3.3 Region-convolutional neural network (R-CNN)
Region with CNN features (R-CNN model) are a popular object detection and localization framework developed by Ren S et al. [35]. R-CNN architecture involves three modules. The first generates category-independent region proposals. The second extract features from each proposed region using pretrained CNN. The last module ensures object classification and bounding box regression. R-CNN suffers from several limitations such as slow inference speed, high memory consumption and multistage training. These limitations have motivated the development of optimized version of R-CNN such as Fast-R-CNN [36], Faster-R-CNN [37] and Mask-R-CNN [38]. Fast R-CNN uses a single CNN to extract features from the entire image and then generates region proposals from the feature map. Fast R-CNN model consists of a single-stage compared to three stages in R-CNN. Fast R-CNN samples multiple ROIs from the same image by using a new layer called ROI pooling that extracts equal-length feature vectors from all proposals. This makes Fast- R-CNN detection model faster and more efficient. Faster R-CNN is an extension of fast R-CNN. The architecture of Faster R-CNN consists of 2 modules:
-
Region Proposal Network (RPN) is built for generating region proposals.
-
Fast R-CNN is used for detecting objects in the proposed region
3.4 Detection transformer model (Detr)
Detr perform prediction and generate the final set of detections by combining a common CNN with a transformer architecture. The authors in [39] propose to resolve object detection task as a set prediction problem and use transformers and bipartite matching loss. Detr object detection model uses self-attentional transformers to process input images, producing a fixed set of detection directly, without using proposal networks (RPNs) and non-maximum suppression. It is important to note that the transformer architecture used in Detr is computationally intensive and training large Detr models consume a large amount of memory.

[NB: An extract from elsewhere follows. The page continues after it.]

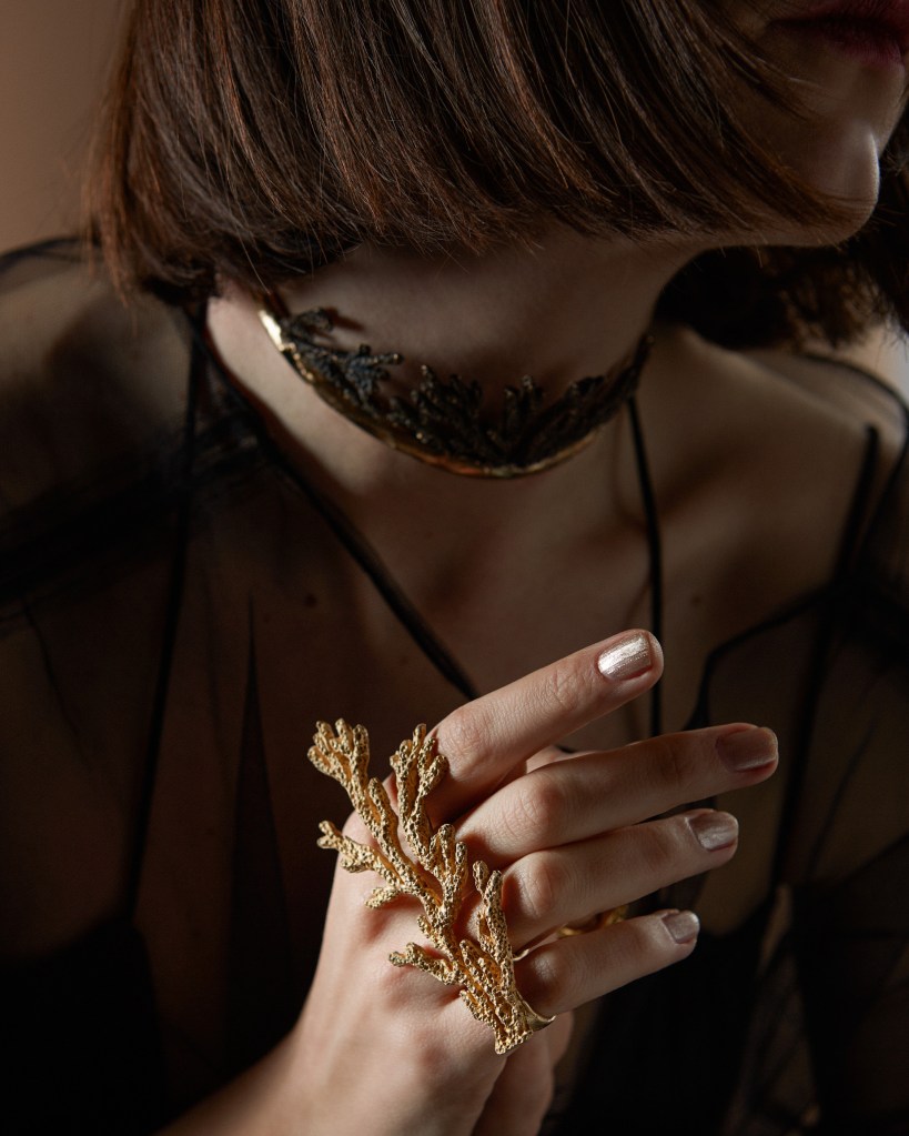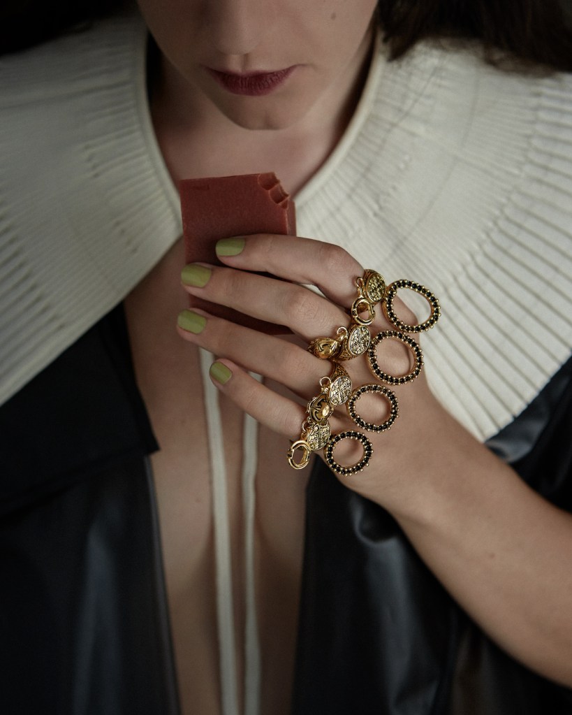 I’m a private person and because of the creative process I follow – which is tailored to what I selfishly need from it – these jewels are the physical representation of my emotions, experiences and beliefs. Putting them out there was something that I feared because I was exposing something very intimate and personal for everyone to see and judge. It took me a while before I felt comfortable allowing myself to be so vulnerable, I don’t think I ever will be completely, to be honest. But when I do and the public loves my jewels and perceives what I convey through them, this becomes a unique connection, a dialogue, that would otherwise never be possible.

3.5 You only look one model (Yolo)
Yolo detection model [40] addresses object detection as a single-stage, end-to-end process. It uses a simple deep convolutional neural network to detect objects in the image. The input image is divided up into a grid of cells. The grid size is typically determined by the architecture of the YOLO model. After that, Yolo predicts bounding boxes that contain the objects found in each grid cell. The bounding box values ((x, y) coordinates of the box's center, width (w), and height (h)) are relative to the cell's size. A confidence score is then added to each bounding box to indicate the presence of an object. A class probability is also assigned using SoftMax activation. Only the most confident bounding box with high probability are selected. This model has 24 convolution layers. 4 max-pooling layers, and 2 fully connected layers. 1*1 convolution followed by 3*3 convolution are used to reduce number of channels. Yolo predicts multiple bounding boxes for each grid cell and filters them based on their confidence score and overlap with the anchor box. There are several versions of Yolo, the most recent one being YoloV8 [41]. YoloV8 architecture focuses on performance and speed achieving cutting-edge results on a number of benchmarks. YoloV8 predicts the center of an object directly instead of predicting the offset from predefined anchor boxes. This is called anchor free detection and allows reducing the number of box prediction. YoloV8 uses Mosaic augmentation (stitching four images together) and augments images during training online. At each epoch, the model sees a slightly different variation of the images it has been provided.
3.6 Proposed method
The proposed method was tested on potato plant leaf to detect Late Blight disease. Model detection training process was release using the plant leaf images taken from the popular PlantVillage dataset (https://www.kaggle.com/datasets/emmarex/plantdisease). Figure 2 displays examples of potato plant leaves images. Figure 2(a) shows a healthy potato plant leaf, while Fig. 2(b), (c) and (d) show various forms of late blight lesions on potato plant leaves.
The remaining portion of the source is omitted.